Vor mir erstreckt sich ein Meer an Lichtern. Das sieht einfach wunderschön aus. Als die letzten Töne verklingen, wird es wieder dunkel. Ich gehe direkt hinter die Bühne, übergebe irgendjemandem einfach schnell meine Gitarre und hocke mich auf den Boden. War das gerade vielleicht doch keine gute Idee? Scheiße, ich hätte das nicht singen sollen.
„Wince? Kannst du noch den letzten Song spielen, oder sollen wir abbrechen?" höre ich Amelie neben mir.
Ich spüre ihre Hand an meinem Rücken und würde genau jetzt am liebsten richtig zusammenbrechen. Aber ich stehe auf, hole ein paar mal tief Luft und setze ein Lächeln auf. Ich nicke meinen Jungs zu, die dann wieder auf die Bühne gehen. Amelie sucht noch nach meinem Blick, aber das schaffe ich jetzt nicht. Ich gehe zurück auf die Bühne und spiele den letzten Song. Meine Fans rufen nach einer Zugabe, aber das machen wir heute nicht. Ich bin komplett ausgelaugt und will einfach nur in mein Bett. Also fällt die Verabschiedung auf der Bühne ebenfalls im Vergleich zu damals wieder echt knapp aus. Mit den anderen zusammen verlasse ich die Bühne, gehe dann aber alleine weiter direkt in meine Garderobe. Unter der Dusche lasse ich die letzten anderthalb Stunden nochmal Revue passieren. Ja, diese Konzerte jetzt taten mir gut. Auf der Bühne konnte ich tatsächlich mal wieder der alte Wincent sein, oder zumindest das, was dem am nächsten kommt. Wirklich der Alte, werde ich nie wieder sein. Während das Wasser auf mich herab gießt, lasse ich auch ein paar Tränen zu, aber sobald ich fertig bin, war's das wieder. Ich ziehe mich an und packe dann grade meine Sachen zusammen, als Amelie reinkommt.
„Wincent, ich mache mir Sorgen um dich" beginnt sie direkt.
„Mir geht's gut" murmle ich, obwohl es nun echt offensichtlich ist, dass es mir nicht gut geht.
Jetzt nach dem Konzert fühle ich mich wieder so leer.

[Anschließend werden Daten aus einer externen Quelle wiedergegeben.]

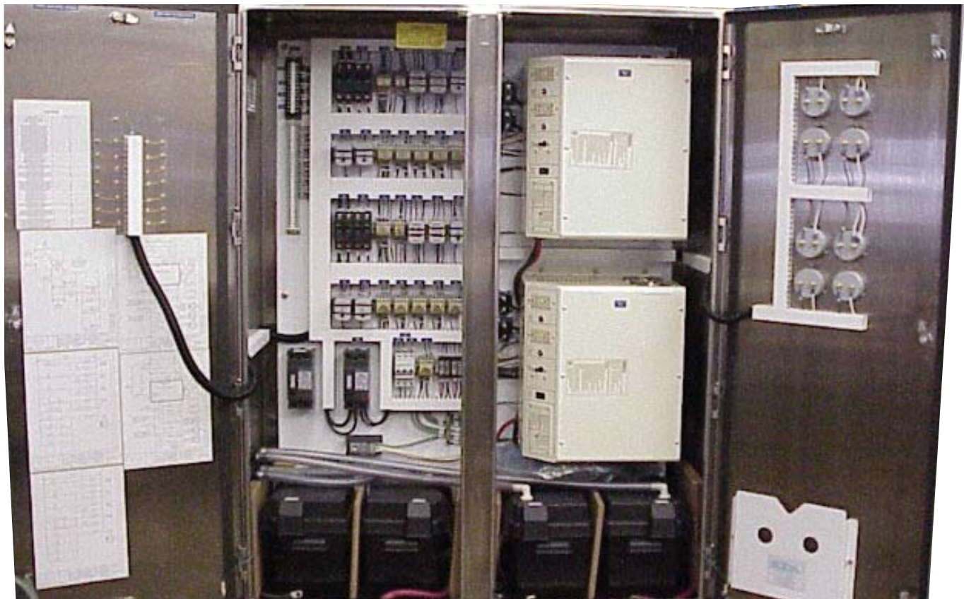
Custom BUPS to power four actuators

Vor fast exakt vier Jahren habe ich mir genau vorgestellt, wie es jetzt nach einem Konzert laufen sollte. Ich komme von der Bühne und falle sofort in die Arme meiner Frau, küsse sie intensiv. Unser Sohn ist davon total angewidert, was mich zum lachen bringt. Nach einer kurzen Dusche spiele ich dann noch mit ihm im Backstage, jage ihn durch die Gänge, sehe mit ihm beim Abbau zu oder liege einfach mit ihm und seiner Mutter auf irgendeinem Sofa oder so. Dabei schläft er auf meiner Brust, ich lasse mir von meiner Frau durch die Haare streichen und schlafe auch beinahe ein. Das war mein Traum. Bei dieser Vorstellung habe ich vor vier Jahren Tränen in den Augen gehabt, weil ich mich gefreut habe. Jetzt habe ich Tränen in den Augen, weil es nie genau so sein wird.

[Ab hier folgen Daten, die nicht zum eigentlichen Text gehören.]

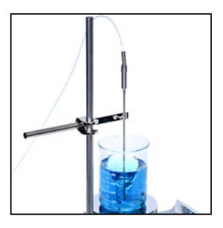
Support Rod and Clamp Kit

„Dir geht es gar nicht gut. Es war zu früh, du bist noch nicht soweit, wieder auf der Bühne zu stehen. Ich hätte es schon viel früher checken sollen, vielleicht wollte ich es auch einfach nicht wahrhaben. Du brauchst noch Zeit."
„Amelie, ich weiß selber, wie viel ich schaffe! Ich bin erwachsen!" motze ich sie an und bereue meinen Ton schon im nächsten Augenblick wieder.
„Lass doch bitte zu, dass man sich um dich sorgt, du bist eben fast zusammengebrochen. Ich wollte dich nicht zurück auf die Bühne lassen und wahrscheinlich hätte ich es auch nicht tun sollen. Ich hätte dich davon abhalten sollen..."
„Gib dir keine Schuld, ich hab selber entschieden. Ich hab entschieden, dieses Album zu veröffentlichen. Ich hab entschieden, auf Tour zu gehen. Ich hab das alles entschieden und ich hab es durchgezogen. Jetzt will ich ins Hotel."
Mit meinen Sachen verlasse ich, nachdem ich Amelie einen Kuss auf die Wange gedrückt habe, meine Garderobe und fahre dann zum Hotel.